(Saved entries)
○ ○ ○ ○
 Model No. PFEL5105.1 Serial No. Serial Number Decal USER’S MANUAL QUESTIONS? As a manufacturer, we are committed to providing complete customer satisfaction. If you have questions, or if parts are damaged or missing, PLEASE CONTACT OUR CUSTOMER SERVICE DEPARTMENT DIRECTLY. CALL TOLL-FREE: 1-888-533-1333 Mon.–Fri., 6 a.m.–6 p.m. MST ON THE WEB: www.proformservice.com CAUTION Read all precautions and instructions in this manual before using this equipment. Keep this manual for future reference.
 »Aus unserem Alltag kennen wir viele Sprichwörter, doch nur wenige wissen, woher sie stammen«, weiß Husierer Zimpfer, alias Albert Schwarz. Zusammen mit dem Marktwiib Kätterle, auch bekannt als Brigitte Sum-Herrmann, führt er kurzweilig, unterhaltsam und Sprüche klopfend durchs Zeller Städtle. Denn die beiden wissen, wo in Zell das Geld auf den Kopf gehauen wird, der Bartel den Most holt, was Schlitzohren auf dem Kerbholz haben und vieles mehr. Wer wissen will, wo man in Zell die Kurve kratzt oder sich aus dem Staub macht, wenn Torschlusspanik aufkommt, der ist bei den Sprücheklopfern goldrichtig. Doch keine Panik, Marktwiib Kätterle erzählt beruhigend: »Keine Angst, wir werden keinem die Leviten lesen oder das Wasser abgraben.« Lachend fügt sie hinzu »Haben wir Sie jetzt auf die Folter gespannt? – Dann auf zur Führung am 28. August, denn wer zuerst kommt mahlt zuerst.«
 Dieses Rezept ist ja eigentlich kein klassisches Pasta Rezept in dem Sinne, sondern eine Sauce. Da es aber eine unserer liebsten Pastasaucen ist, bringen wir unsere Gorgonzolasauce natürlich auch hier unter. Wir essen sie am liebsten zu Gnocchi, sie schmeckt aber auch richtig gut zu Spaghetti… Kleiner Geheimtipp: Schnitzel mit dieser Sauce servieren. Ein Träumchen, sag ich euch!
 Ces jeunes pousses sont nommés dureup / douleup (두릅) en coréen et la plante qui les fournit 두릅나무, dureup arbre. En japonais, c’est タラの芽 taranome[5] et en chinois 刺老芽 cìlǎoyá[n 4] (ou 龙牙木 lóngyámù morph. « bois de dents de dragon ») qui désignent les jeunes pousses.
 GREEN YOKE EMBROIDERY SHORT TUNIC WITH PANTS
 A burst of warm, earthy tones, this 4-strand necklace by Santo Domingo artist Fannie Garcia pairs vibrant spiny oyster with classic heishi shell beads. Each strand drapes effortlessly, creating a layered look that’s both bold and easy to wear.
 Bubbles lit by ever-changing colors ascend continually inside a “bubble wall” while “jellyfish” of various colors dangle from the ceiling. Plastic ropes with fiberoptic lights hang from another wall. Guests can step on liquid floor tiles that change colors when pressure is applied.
○ ○ ○ ○
— Problem to solve —
What you return must match the entries exactly, word for word.

— Exercise result —
 Model No. PFEL5105.1 Serial No. Serial Number Decal USER’S MANUAL QUESTIONS? As a manufacturer, we are committed to providing complete customer satisfaction. If you have questions, or if parts are damaged or missing, PLEASE CONTACT OUR CUSTOMER SERVICE DEPARTMENT DIRECTLY. CALL TOLL-FREE: 1-888-533-1333 Mon.–Fri., 6 a.m.–6 p.m. MST ON THE WEB: www.proformservice.com CAUTION Read all precautions and instructions in this manual before using this equipment. Keep this manual for future reference.
 »Aus unserem Alltag kennen wir viele Sprichwörter, doch nur wenige wissen, woher sie stammen«, weiß Husierer Zimpfer, alias Albert Schwarz. Zusammen mit dem Marktwiib Kätterle, auch bekannt als Brigitte Sum-Herrmann, führt er kurzweilig, unterhaltsam und Sprüche klopfend durchs Zeller Städtle. Denn die beiden wissen, wo in Zell das Geld auf den Kopf gehauen wird, der Bartel den Most holt, was Schlitzohren auf dem Kerbholz haben und vieles mehr. Wer wissen will, wo man in Zell die Kurve kratzt oder sich aus dem Staub macht, wenn Torschlusspanik aufkommt, der ist bei den Sprücheklopfern goldrichtig. Doch keine Panik, Marktwiib Kätterle erzählt beruhigend: »Keine Angst, wir werden keinem die Leviten lesen oder das Wasser abgraben.« Lachend fügt sie hinzu »Haben wir Sie jetzt auf die Folter gespannt? – Dann auf zur Führung am 28. August, denn wer zuerst kommt mahlt zuerst.«
 Dieses Rezept ist ja eigentlich kein klassisches Pasta Rezept in dem Sinne, sondern eine Sauce. Da es aber eine unserer liebsten Pastasaucen ist, bringen wir unsere Gorgonzolasauce natürlich auch hier unter. Wir essen sie am liebsten zu Gnocchi, sie schmeckt aber auch richtig gut zu Spaghetti… Kleiner Geheimtipp: Schnitzel mit dieser Sauce servieren. Ein Träumchen, sag ich euch!
 Ces jeunes pousses sont nommés dureup / douleup (두릅) en coréen et la plante qui les fournit 두릅나무, dureup arbre. En japonais, c’est タラの芽 taranome[5] et en chinois 刺老芽 cìlǎoyá[n 4] (ou 龙牙木 lóngyámù morph. « bois de dents de dragon ») qui désignent les jeunes pousses.
 GREEN YOKE EMBROIDERY SHORT TUNIC WITH PANTS
 A burst of warm, earthy tones, this 4-strand necklace by Santo Domingo artist Fannie Garcia pairs vibrant spiny oyster with classic heishi shell beads. Each strand drapes effortlessly, creating a layered look that’s both bold and easy to wear.
 Bubbles lit by ever-changing colors ascend continually inside a “bubble wall” while “jellyfish” of various colors dangle from the ceiling. Plastic ropes with fiberoptic lights hang from another wall. Guests can step on liquid floor tiles that change colors when pressure is applied.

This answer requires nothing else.